◆ Task description:
Below are some records; repeat them all exactly, minus the pictures.

◆ Provided information:
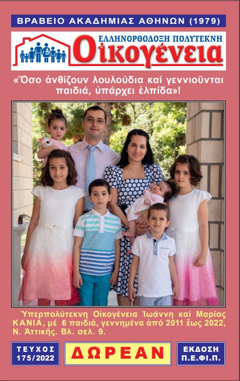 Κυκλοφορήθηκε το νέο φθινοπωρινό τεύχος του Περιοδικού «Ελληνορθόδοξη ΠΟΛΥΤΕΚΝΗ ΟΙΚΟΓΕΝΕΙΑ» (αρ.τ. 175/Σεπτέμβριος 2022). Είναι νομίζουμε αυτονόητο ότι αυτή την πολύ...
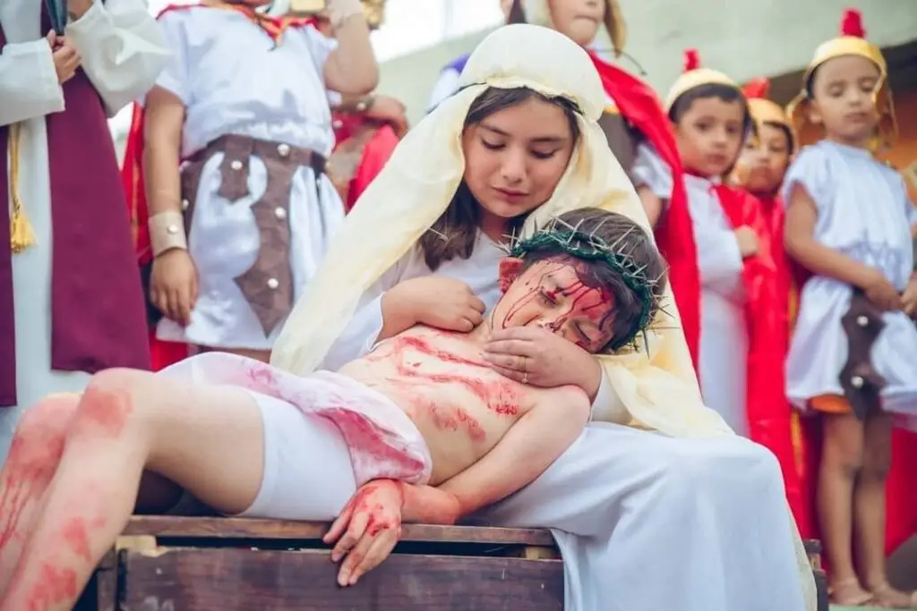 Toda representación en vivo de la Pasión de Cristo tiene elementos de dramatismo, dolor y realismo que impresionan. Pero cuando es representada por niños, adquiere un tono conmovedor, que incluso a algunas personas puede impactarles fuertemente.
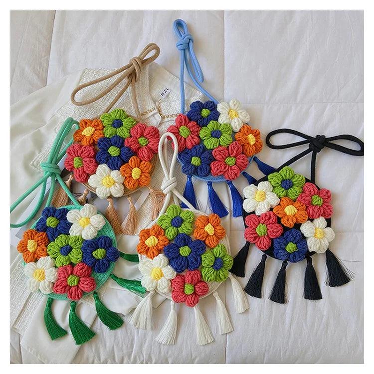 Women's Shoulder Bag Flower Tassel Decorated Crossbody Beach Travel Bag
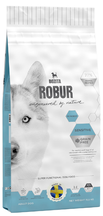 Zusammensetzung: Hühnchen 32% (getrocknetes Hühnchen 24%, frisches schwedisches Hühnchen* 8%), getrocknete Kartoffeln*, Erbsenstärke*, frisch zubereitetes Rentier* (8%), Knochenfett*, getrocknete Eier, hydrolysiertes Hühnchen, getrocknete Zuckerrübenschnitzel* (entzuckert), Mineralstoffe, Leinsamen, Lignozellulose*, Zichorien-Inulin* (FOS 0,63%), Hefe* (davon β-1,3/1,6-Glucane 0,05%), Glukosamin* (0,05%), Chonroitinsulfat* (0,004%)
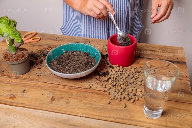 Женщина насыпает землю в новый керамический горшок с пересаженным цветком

◆ Response area:
 Κυκλοφορήθηκε το νέο φθινοπωρινό τεύχος του Περιοδικού «Ελληνορθόδοξη ΠΟΛΥΤΕΚΝΗ ΟΙΚΟΓΕΝΕΙΑ» (αρ.τ. 175/Σεπτέμβριος 2022). Είναι νομίζουμε αυτονόητο ότι αυτή την πολύ...
 Toda representación en vivo de la Pasión de Cristo tiene elementos de dramatismo, dolor y realismo que impresionan. Pero cuando es representada por niños, adquiere un tono conmovedor, que incluso a algunas personas puede impactarles fuertemente.
 Women's Shoulder Bag Flower Tassel Decorated Crossbody Beach Travel Bag
 Zusammensetzung: Hühnchen 32% (getrocknetes Hühnchen 24%, frisches schwedisches Hühnchen* 8%), getrocknete Kartoffeln*, Erbsenstärke*, frisch zubereitetes Rentier* (8%), Knochenfett*, getrocknete Eier, hydrolysiertes Hühnchen, getrocknete Zuckerrübenschnitzel* (entzuckert), Mineralstoffe, Leinsamen, Lignozellulose*, Zichorien-Inulin* (FOS 0,63%), Hefe* (davon β-1,3/1,6-Glucane 0,05%), Glukosamin* (0,05%), Chonroitinsulfat* (0,004%)
 Женщина насыпает землю в новый керамический горшок с пересаженным цветком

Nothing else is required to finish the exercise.